Grade 2 and 3 late GI side effects were detected at the rates of 1.9% and 1.9% in the ART group, and 4.9% and 0% in the SRT group, while they were not observed in 94.2% and 95.1% of the patients, respectively (p=0.532). Late GU side effects were not observed in 76.9% and 82.9% of the patients, while grade 2 GU side effects were observed in 1.9% vs 2.4% and grade 3 in 9.6% vs 4.9% of the patients in the ART and SRT groups, respectively (p=0.829) (Table 3).

In the multivariate logistic regression analysis in which the factors affecting the development of acute toxicity were investigated, the risk of developing acute toxicity was found to be higher in patients who underwent pelvic RT compared to those who did not (p=0.002) (Table 4). In addition, the risk of developing acute toxicity was found to be higher in patients with lymph node involvement (p=0.047). When the factors affecting the development of late toxicity were investigated, any statistically significant factor was not found (Table 5).

Table 4
Table 5

Discussion

This study evaluated the effectiveness of local and pelvic RT in PCa patients with adverse pathologic features following RP, acute and late GI and GU toxicity profiles.

The American Urological Association (AUA) and the American Society for Radiation Oncology (ASTRO) have recommended ART in patients with SVI, PSM and ECE while the application of SRT is suggested for the treatment of the patients with biochemical relapse described as two rising PSA levels ≥0.2 ng/mL following RP (20,21).

Three randomized controlled trials (EORTC22911, SWOG8794, ARO96-02/AUO-AP09/95) with long-term follow-up results demonstrated improvement in bPFS (p<0.00001) with ART to the prostatic bed vs watchful waiting in the patients with adverse pathologic features such as PSM, SVI or ECE (8-10). Only SWOG 8.794 trial demonstrated an improvement in OS (9). In the observational arms, approximately 40% of patients never had recurrences,thus indicating the possibility of overtreatment with ART in this group of patients. However, the number of treatment-related side effects increased, which was associated with improper patient selection. ART was associated with higher toxicity levels when compared with the observational arm (grade ≥2 GI toxicities: 2% vs 1% and grade ≥2 GU toxicities: 17% vs 10%) in these trials (22).

Application of postoperative ART or SRT is still controversial in the patient group with high risk of biochemical relapse after surgery while very recently three randomized studies GETUG-AFU 17, RAVES and RADICALS have been evaluated in a systematic review and meta-analysis that will enable us to decide the appropriate time of RT after surgery (23-25). This prospectively designed meta-analysis has revealed that ART does not improve PSA-related event-free survival but urinary and intestinal adverse effects were observed with a higher rate in patients who underwent ART (26). Our data have shown that the patients receiving SRT had very low biochemical relapse rates (97.57%) with acceptable side effects. It should be noted that in order to improve the patients’ quality of life, timely administration of early SRT ensures comparable cancer control rates while reducing potential overtreatment toxicity.
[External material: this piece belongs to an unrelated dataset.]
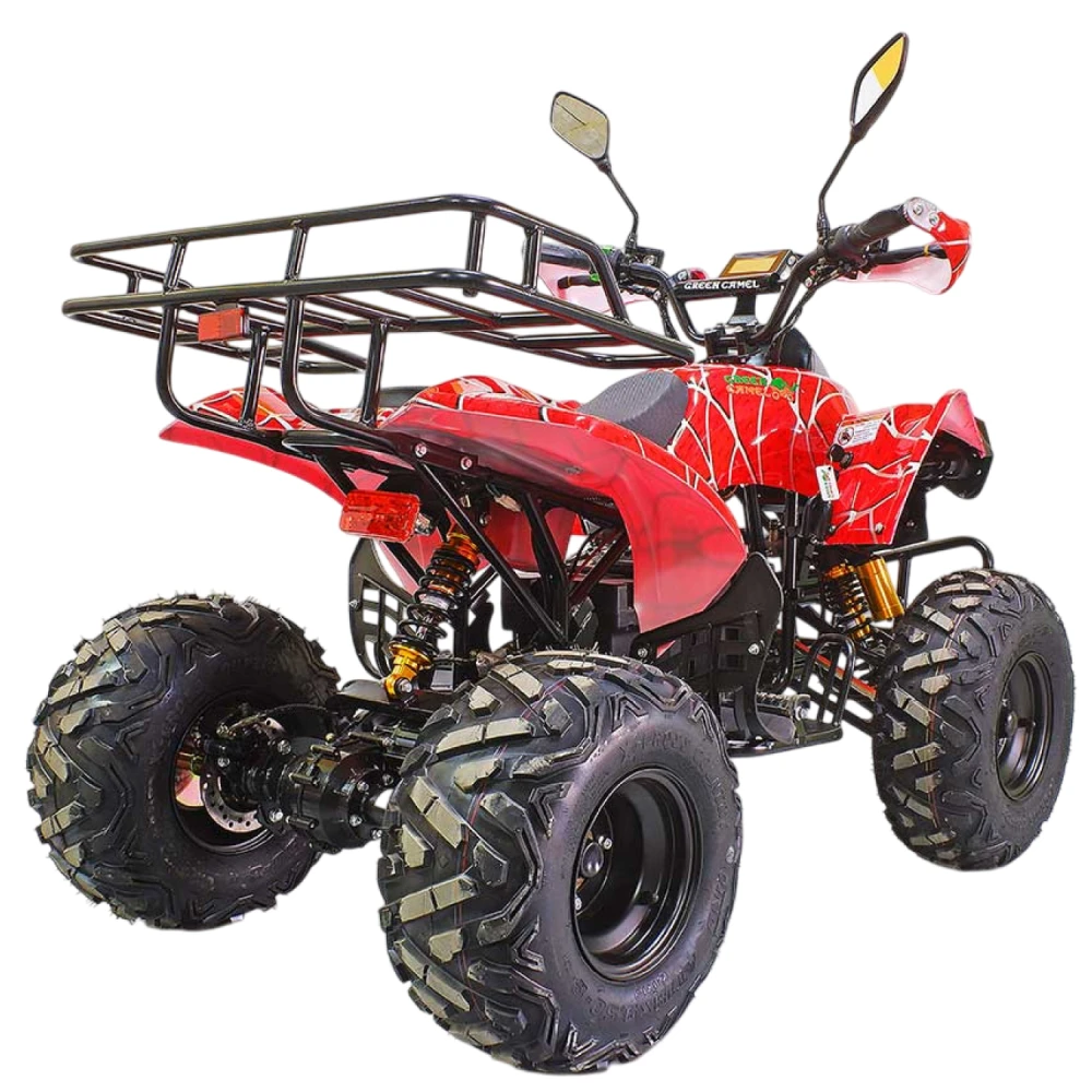 Быстрый, надёжный и невероятно стильный – все это про подростковый квадроцикл GreenCamel Atakama T500 Красный паук. Он прекрасно подойдёт для детей возрастом от семи лет. По своим техническим характеристикам он не уступит целому ряду электроскутеров. Он способен развивать скорость в 40 км/ч. На одном заряде преодолеет 40 км (можно приобрести более мощные батареи). Для полной подзарядки вам понадобится восемь часов.

Jereczek-Fossa et al. (27) applied ART in 258 patients, and SRT in 173 patients using conformal technique, and did not observe any difference between both treatment modalities as for acute and late GI toxicities. However, higher rates of grade 3-4 acute urinary toxicities were reported in the ART group (27). In multivariate analysis performed for the pooled multi-institutional trials have shown side effects in late GU and GI in postprostatectomy patients undergoing ART or SRT, higher rates of grade ≥2 GU toxicity were detected in the ART group (28). Although modern RT techniques including intensity- modulated radiation therapy (IMRT) were not used and 2-dimensional (2-D) or 3-dimensional (3-D) conformal RT (CRT) treatment planning was employed in these studies, there was no difference in GI and GU side effects between the two groups. In our study, as in the study of Jereczek-Fossa et al. (27), no statistical difference was observed between the ART and SRT groups in terms of GI side effects, while it was determined that late grade 3 GU side effects were more frequently seen in the ART arm rather than SRT arm without any statistically significant intergroup difference.

Some authors have considered lower PSA levels (<0.01 ng/mL) as an indicative of subclinical disease. Abugharib et al. (29) explored the best timing of SRT following RP based on the lowest levels of PSA and observed that PSA levels detected before SRT strongly correlated with bRFS. Higher PSA levels before SRT (0.01-0.2, 0.2-0.5 and >0.5 ng/mL) predicted worse 10-year bRFS (62%, 44% and 27%, respectively). There was a significant benefit in OS rates (29). In our study, we found higher pre-RT PSA levels in the SRT group. The most important reason for this is delayed referral of the majority of the patients to the radiation oncology department for SRT despite explicit AUA and ASTRO guidelines.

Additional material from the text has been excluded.